If so, you've aged yourself as certainly as your license showing a birth year beginning with 19.

This isn't mockery, to forget she was a real human, as are most, with the possible exceptions of Sting, Ryan Reynolds and Jack White, semi-functional gizmos sprung loose from a hellish Chuck E. Cheese for wayward kids, tossed writhing on trash heaps, due to the grating tendency to whine and smirk, their visages mistaken for the "Punch Me!" boxing game roughly 1,000 times per day.

But it's hard to miss the Oyzmandias-level hubris when a pop artist throws out the wish that their name will live forever. Gloria Gaynor has survived, thanks to house-electronica and drag shows, but has "Fame" worked the same for Cara?

That's as in "Ozymandias," the sonnet by Percy Bysshe Shelley, not to be confused with one of the same title by friend Horace Smith, written in competition, the kind of thing writers sat about doing on vacation in ye olden times, before theme parks, pickleball or streaming-on-demand.

"Ozymandias" chronicles massive changes, soarings and collapses, through humankind's ego-driven accomplishments, vast in their day, later lost to dust, through time and disregard.

How many of us have read Shelley lately, speaking of irony? We're generally more familiar with a work by his wife, Mary Wollstonecraft Shelley, who wrote "Frankenstein, or the Modern Prometheus," on another of those summer idylls. After absorbing a collection of German horror tales, "Fantasmagoriana," the group challenged one another to pen ghost stories. Percy wrote ghastly tales published as "Journal at Geneva (including ghost stories)." Lord Byron began, but abandoned, a vampire tale called "A Fragment." John Polidori picked up that fumble and ran it in as "The Vampyre," the first published vampire story in English, predating Irishman Bram Stoker's "Dracula" by 78 years.

And yet how many — aside from my fellow sci-fi/fantasy/horror geeks — recognize the name Polidori? Maybe if Francis Ford Coppola had slapped his name upside a bloodsucker flick.

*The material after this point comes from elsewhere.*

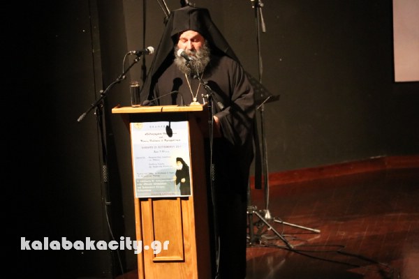Στο ασφυκτικά… γεμάτο από κόσμο Πολιτιστικό Κέντρο Καλαμπάκας οι παρευρισκόμενοι είχαν την ευκαιρία να ακούσουν αρκετά ενδιαφέροντα πράγματα για την οικογένεια και τον Άγιο Παϊσιο από τον Μητροπολίτη Ιωαννίνων και τοποτηρητή κ. Μάξιμο που ανέπτυξε το θέμα«Εὐλογημένη Οἰκογένεια» και από τον κ. Βασίλειο Σαρρή φιλόλογο και διδάκτωρ Βυζαντινής Φιλολογίας που ανέπτυξε το θέμα: «Οικογένεια καί Όσιος Παίσιος».

Fame.

Both Shelley's and Smith's "Ozymandias" sonnets ponder impermanence. Smith's asks if someday London's ruins will be viewed like that of buried Egyptian troves, back in their day just being unearthed, brought back to light. Ozymandias was the Greek name for Pharoah Ramesses II, the GOAT, with competition from Thutmose III, not to be confused with Tutankhamun, immortalized, ala Shelley, by Steve Martin's disco ditty "King Tut."

Shelley's sonnet notes Ozy's pedestal was barely readable:

"My name is Ozymandias, King of Kings;Look on my Works, ye Mighty, and despair!"

Then:

Nothing beside remains. Round the decayOf that colossal Wreck, boundless and bareThe lone and level sands stretch far away.

As the kids today, or possibly the day before yesterday, say: Ointment delivery, stat, for that sick burn.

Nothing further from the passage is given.